**** DATA IN THIS EXERCISE ****
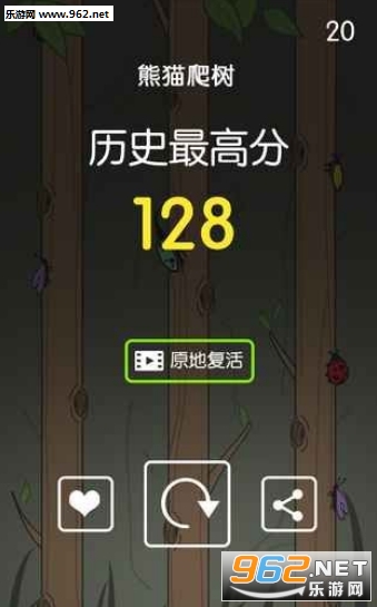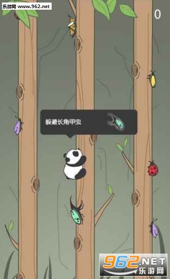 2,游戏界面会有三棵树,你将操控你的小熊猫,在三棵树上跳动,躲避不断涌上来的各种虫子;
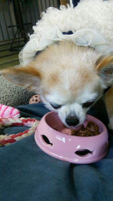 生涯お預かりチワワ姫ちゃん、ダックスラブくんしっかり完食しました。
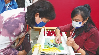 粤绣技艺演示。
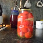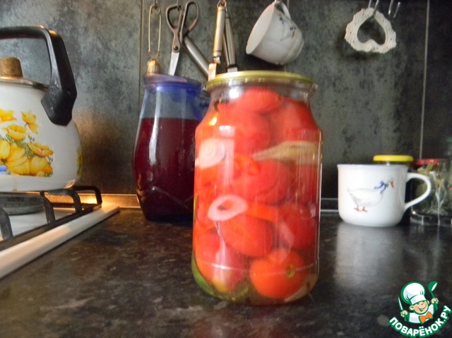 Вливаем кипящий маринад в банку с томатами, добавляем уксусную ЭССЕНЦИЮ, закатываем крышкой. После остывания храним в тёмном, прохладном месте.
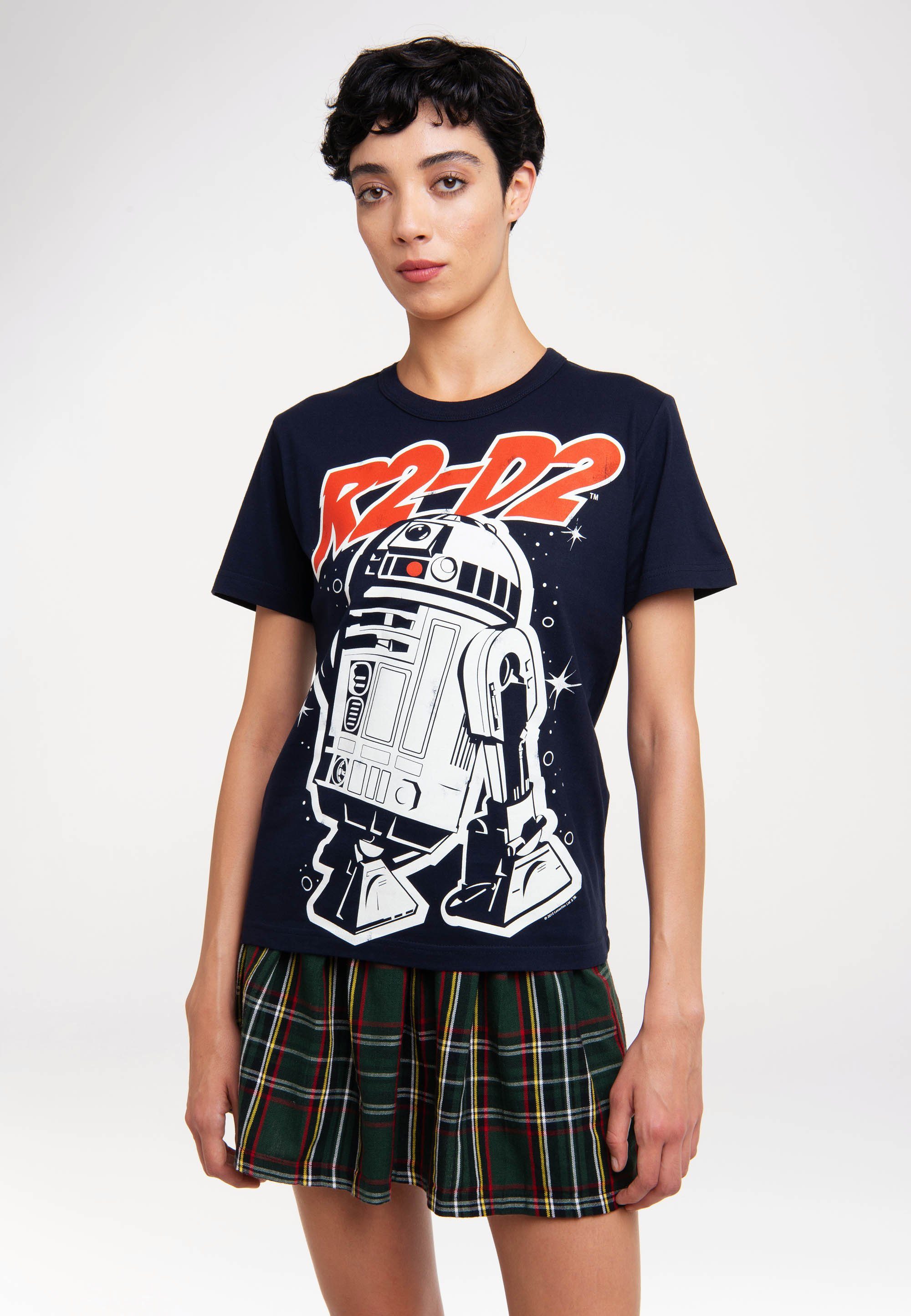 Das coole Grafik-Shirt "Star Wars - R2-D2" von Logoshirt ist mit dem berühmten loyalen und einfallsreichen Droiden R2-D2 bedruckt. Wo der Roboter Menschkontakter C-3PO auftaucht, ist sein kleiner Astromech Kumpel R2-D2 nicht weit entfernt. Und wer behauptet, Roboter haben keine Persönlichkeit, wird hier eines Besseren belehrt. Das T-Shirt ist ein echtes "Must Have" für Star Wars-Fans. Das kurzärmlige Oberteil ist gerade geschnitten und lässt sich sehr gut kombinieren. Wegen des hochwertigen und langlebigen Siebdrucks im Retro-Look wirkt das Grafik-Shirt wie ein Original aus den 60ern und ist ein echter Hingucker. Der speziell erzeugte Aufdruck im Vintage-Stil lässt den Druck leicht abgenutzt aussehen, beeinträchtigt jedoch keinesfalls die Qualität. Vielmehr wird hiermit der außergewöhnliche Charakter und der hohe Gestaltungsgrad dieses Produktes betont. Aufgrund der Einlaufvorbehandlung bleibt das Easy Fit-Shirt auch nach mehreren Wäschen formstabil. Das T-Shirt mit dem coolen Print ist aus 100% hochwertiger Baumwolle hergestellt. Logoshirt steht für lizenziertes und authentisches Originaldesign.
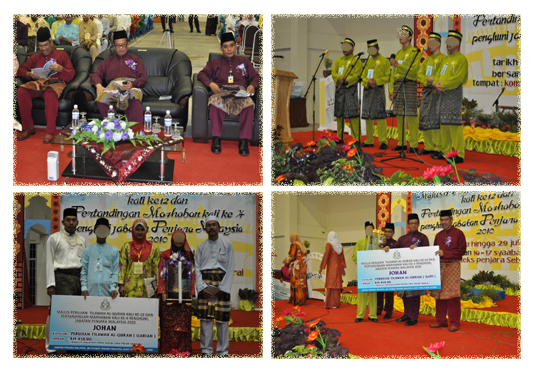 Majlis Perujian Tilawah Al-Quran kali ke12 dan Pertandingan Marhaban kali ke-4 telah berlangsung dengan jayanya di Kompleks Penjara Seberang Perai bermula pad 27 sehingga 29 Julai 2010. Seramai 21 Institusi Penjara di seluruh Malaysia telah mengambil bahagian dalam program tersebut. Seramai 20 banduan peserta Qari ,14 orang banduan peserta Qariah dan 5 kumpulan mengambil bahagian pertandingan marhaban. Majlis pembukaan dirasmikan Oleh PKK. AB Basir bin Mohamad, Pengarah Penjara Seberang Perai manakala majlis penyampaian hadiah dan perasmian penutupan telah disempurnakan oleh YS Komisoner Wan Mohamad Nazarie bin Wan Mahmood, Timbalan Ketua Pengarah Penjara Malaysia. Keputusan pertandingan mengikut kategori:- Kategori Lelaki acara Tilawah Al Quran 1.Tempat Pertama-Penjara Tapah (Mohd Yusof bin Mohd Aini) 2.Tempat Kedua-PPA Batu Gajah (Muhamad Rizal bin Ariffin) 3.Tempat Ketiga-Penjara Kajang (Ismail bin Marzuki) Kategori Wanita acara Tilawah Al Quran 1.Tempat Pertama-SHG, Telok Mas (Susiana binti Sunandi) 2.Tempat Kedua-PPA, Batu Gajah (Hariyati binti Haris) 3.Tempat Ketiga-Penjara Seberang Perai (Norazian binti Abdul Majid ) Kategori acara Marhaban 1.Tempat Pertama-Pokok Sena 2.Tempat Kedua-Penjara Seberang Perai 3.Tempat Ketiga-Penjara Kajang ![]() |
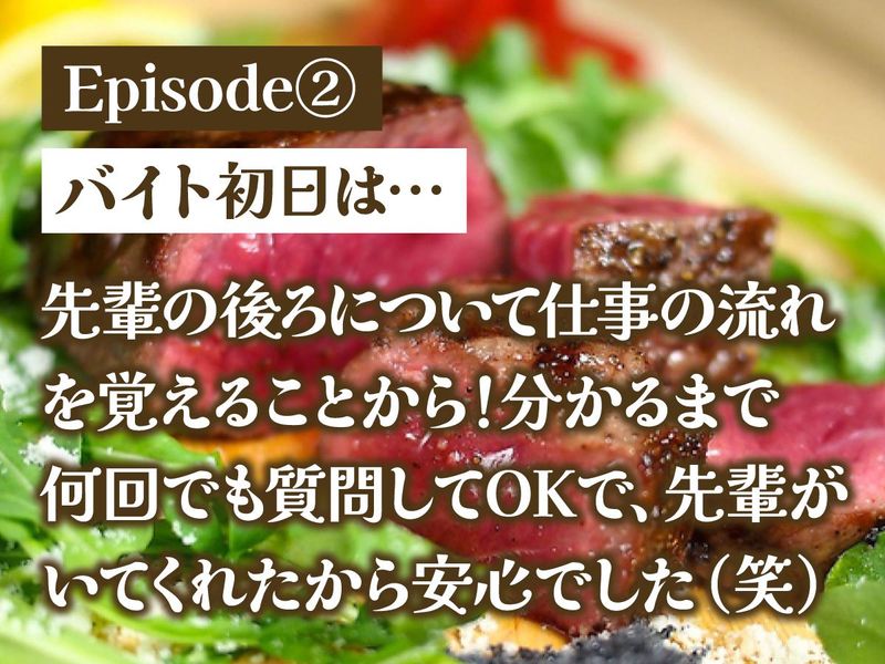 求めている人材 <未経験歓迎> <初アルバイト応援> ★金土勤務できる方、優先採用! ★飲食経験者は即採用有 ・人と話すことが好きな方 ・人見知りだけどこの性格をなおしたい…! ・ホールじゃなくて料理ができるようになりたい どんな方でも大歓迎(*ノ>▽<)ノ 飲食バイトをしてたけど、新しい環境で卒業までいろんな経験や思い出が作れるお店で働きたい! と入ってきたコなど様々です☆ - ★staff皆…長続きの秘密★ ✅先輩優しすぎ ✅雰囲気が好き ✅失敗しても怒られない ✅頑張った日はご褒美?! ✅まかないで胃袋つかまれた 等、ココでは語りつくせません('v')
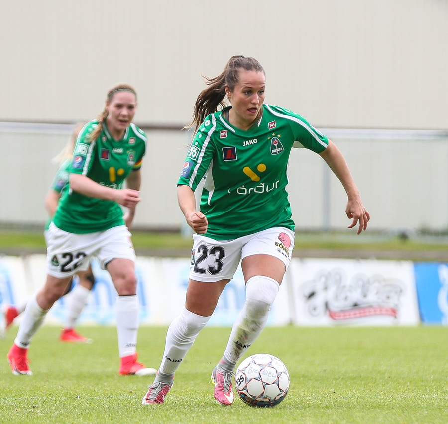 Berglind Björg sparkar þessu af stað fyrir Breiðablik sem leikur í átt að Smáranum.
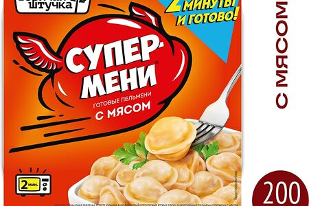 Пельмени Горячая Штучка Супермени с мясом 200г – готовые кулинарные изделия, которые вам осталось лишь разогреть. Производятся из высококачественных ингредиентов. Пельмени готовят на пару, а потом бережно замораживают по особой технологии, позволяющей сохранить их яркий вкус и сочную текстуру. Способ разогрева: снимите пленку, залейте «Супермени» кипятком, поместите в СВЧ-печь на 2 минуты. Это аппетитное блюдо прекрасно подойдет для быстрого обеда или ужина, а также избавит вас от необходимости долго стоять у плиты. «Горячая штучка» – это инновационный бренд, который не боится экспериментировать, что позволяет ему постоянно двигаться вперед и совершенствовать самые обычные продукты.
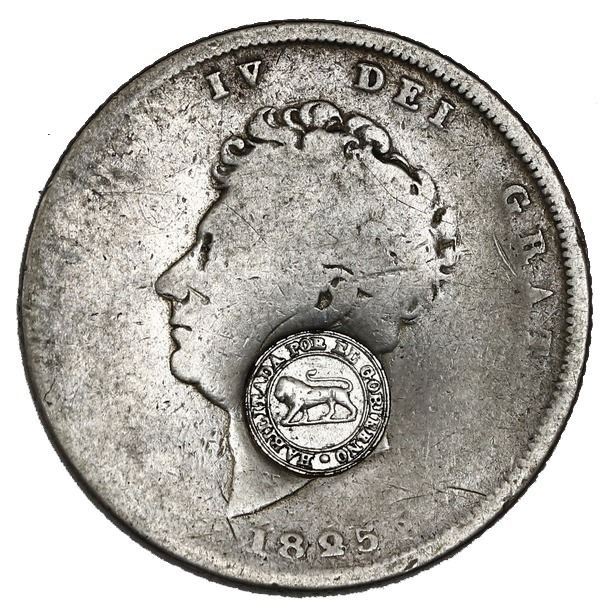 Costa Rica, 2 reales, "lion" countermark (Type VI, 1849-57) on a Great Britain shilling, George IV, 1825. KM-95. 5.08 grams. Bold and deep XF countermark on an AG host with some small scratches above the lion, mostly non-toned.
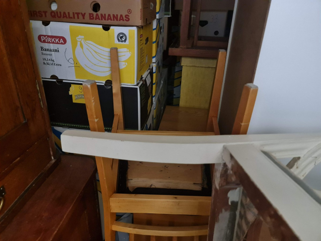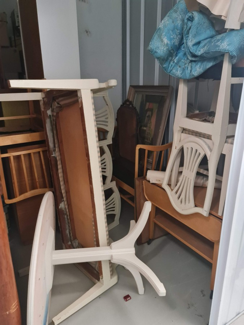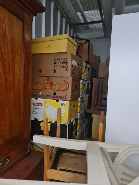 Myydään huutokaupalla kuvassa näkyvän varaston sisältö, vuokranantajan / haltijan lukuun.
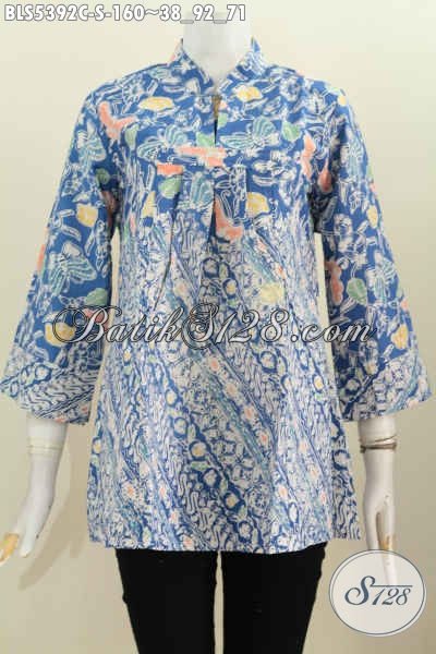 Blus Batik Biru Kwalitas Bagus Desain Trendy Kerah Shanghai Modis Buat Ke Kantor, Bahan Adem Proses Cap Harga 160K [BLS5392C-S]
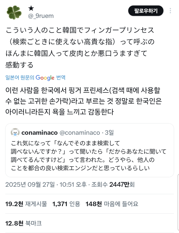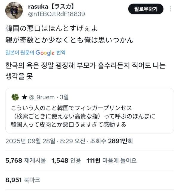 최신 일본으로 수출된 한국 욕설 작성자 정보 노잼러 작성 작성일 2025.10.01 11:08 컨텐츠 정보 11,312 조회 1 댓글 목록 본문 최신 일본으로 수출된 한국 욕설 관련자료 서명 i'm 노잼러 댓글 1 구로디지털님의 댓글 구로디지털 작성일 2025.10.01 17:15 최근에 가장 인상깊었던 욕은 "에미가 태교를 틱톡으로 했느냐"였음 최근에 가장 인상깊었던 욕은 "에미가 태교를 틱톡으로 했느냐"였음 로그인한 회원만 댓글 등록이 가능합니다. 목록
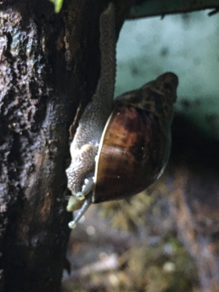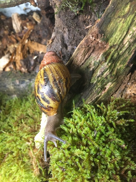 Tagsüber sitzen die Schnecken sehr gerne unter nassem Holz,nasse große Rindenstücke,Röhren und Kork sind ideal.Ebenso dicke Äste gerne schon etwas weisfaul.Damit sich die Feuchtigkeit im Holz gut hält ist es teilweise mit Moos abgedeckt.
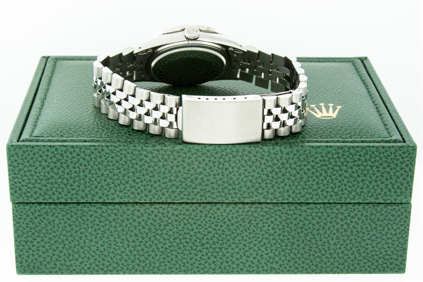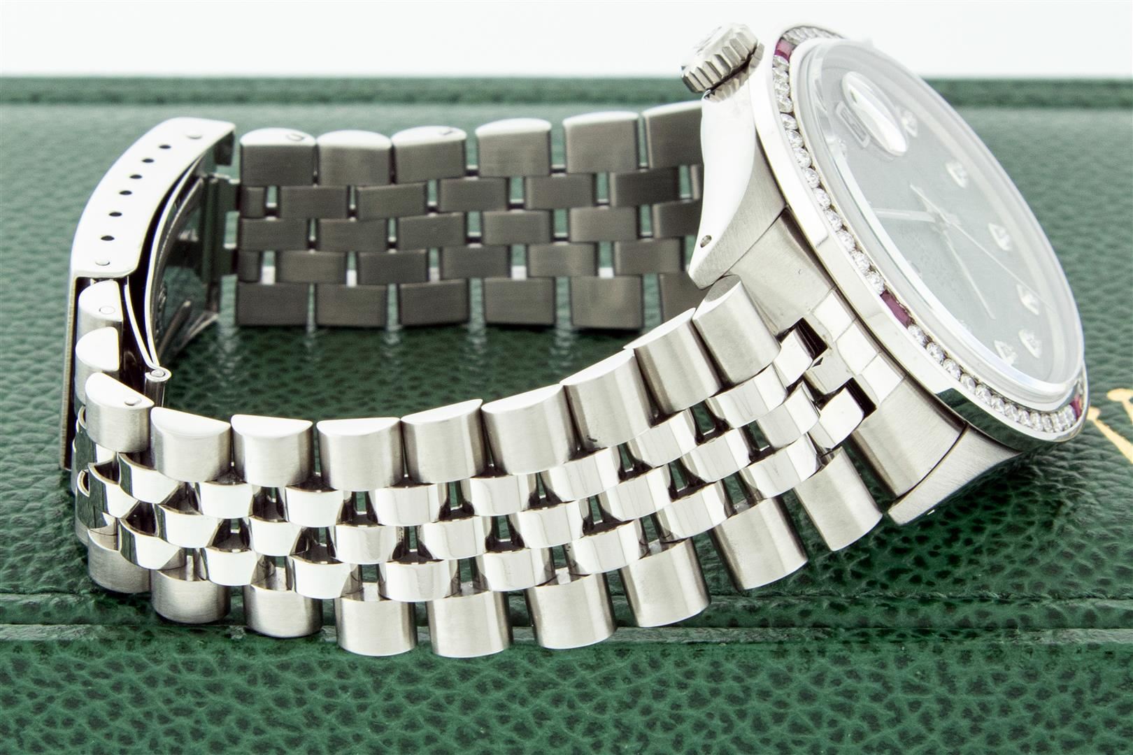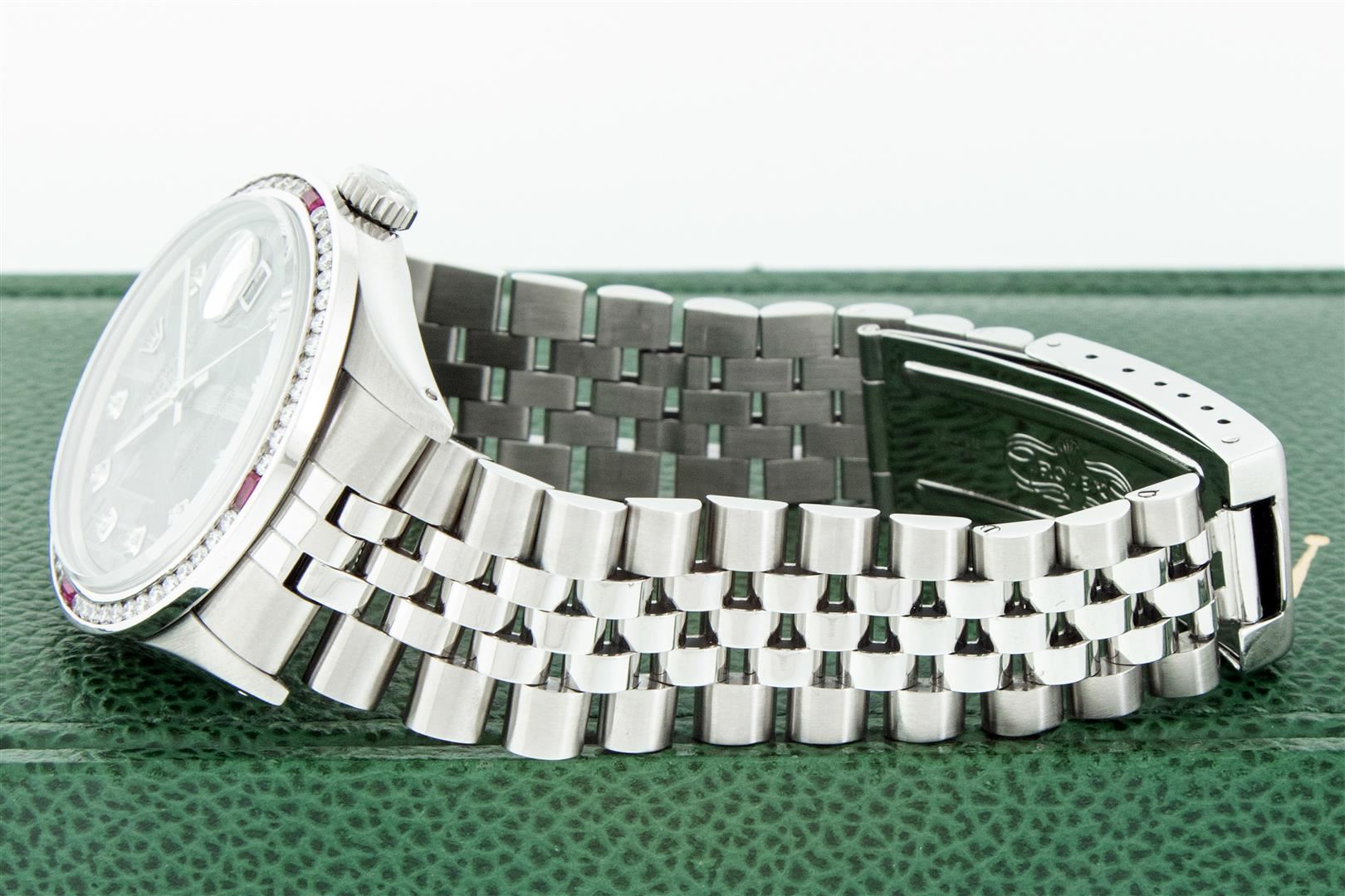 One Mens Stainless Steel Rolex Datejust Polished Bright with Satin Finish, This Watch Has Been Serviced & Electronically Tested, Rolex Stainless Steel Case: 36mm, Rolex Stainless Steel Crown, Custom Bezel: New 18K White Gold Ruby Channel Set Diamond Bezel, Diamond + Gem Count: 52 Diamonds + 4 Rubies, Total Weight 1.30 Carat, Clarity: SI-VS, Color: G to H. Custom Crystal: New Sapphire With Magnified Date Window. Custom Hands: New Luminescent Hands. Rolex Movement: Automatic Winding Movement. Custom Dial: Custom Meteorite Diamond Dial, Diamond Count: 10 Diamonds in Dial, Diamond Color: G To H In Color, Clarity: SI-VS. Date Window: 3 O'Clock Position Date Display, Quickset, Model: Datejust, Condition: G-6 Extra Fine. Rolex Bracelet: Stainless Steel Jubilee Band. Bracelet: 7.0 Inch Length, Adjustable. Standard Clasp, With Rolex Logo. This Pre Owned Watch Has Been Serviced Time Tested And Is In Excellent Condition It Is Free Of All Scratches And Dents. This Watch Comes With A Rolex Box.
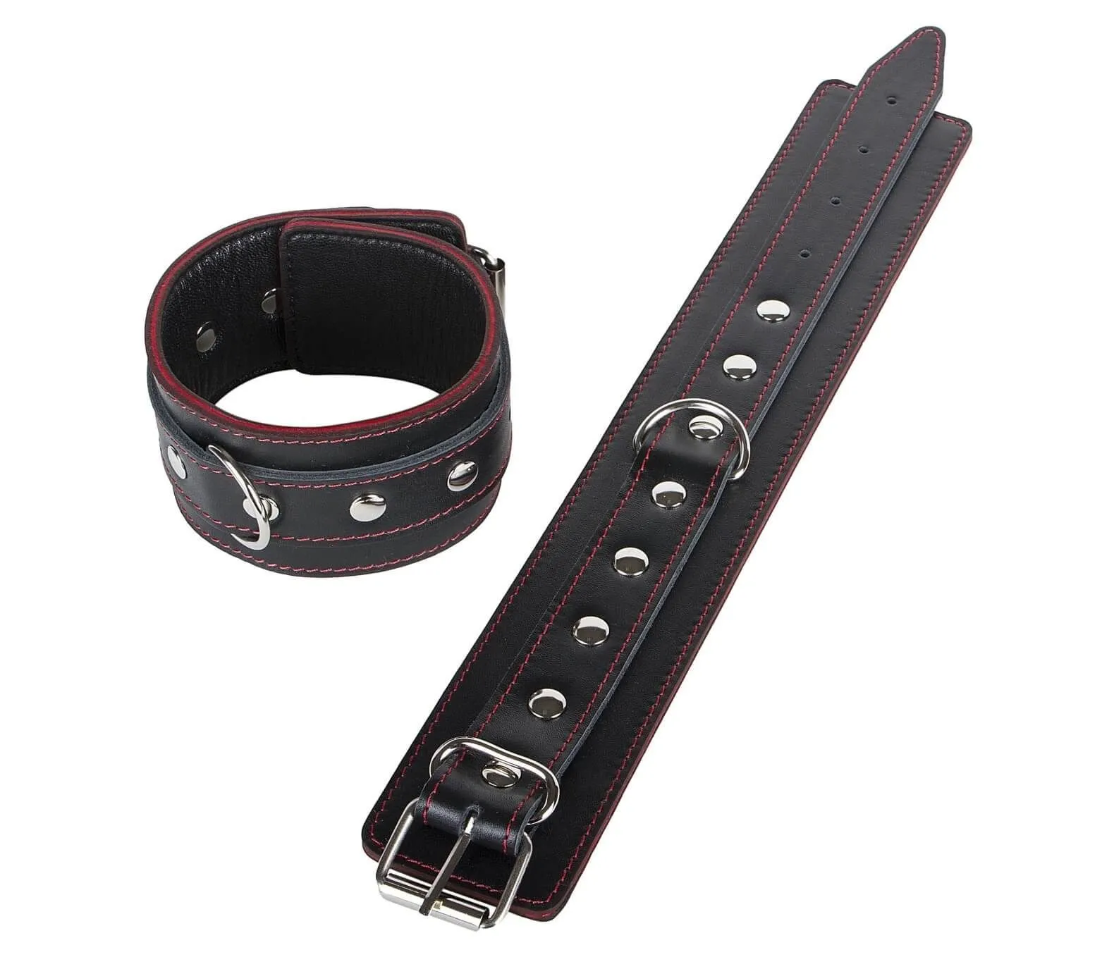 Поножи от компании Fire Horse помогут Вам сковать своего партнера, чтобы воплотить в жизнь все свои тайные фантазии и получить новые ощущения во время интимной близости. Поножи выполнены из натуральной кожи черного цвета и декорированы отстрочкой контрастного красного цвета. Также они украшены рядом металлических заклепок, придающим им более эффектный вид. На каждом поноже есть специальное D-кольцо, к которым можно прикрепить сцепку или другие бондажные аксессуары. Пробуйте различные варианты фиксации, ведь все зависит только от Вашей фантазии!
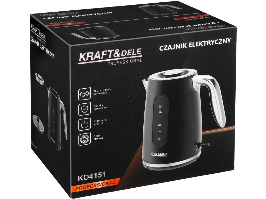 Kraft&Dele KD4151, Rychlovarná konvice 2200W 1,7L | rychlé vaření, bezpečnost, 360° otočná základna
****
→ PROBLEM: Range to copy from the listing above: the line containing "Blus Batik Biru" down to the line containing "최신 일본으로 수출된 한국 욕설 작성자", both included. Reproduce it exactly, minus the pictures, and add nothing.

→ ANSWER BOX:
 Blus Batik Biru Kwalitas Bagus Desain Trendy Kerah Shanghai Modis Buat Ke Kantor, Bahan Adem Proses Cap Harga 160K [BLS5392C-S]
 최신 일본으로 수출된 한국 욕설 작성자 정보 노잼러 작성 작성일 2025.10.01 11:08 컨텐츠 정보 11,312 조회 1 댓글 목록 본문 최신 일본으로 수출된 한국 욕설 관련자료 서명 i'm 노잼러 댓글 1 구로디지털님의 댓글 구로디지털 작성일 2025.10.01 17:15 최근에 가장 인상깊었던 욕은 "에미가 태교를 틱톡으로 했느냐"였음 최근에 가장 인상깊었던 욕은 "에미가 태교를 틱톡으로 했느냐"였음 로그인한 회원만 댓글 등록이 가능합니다. 목록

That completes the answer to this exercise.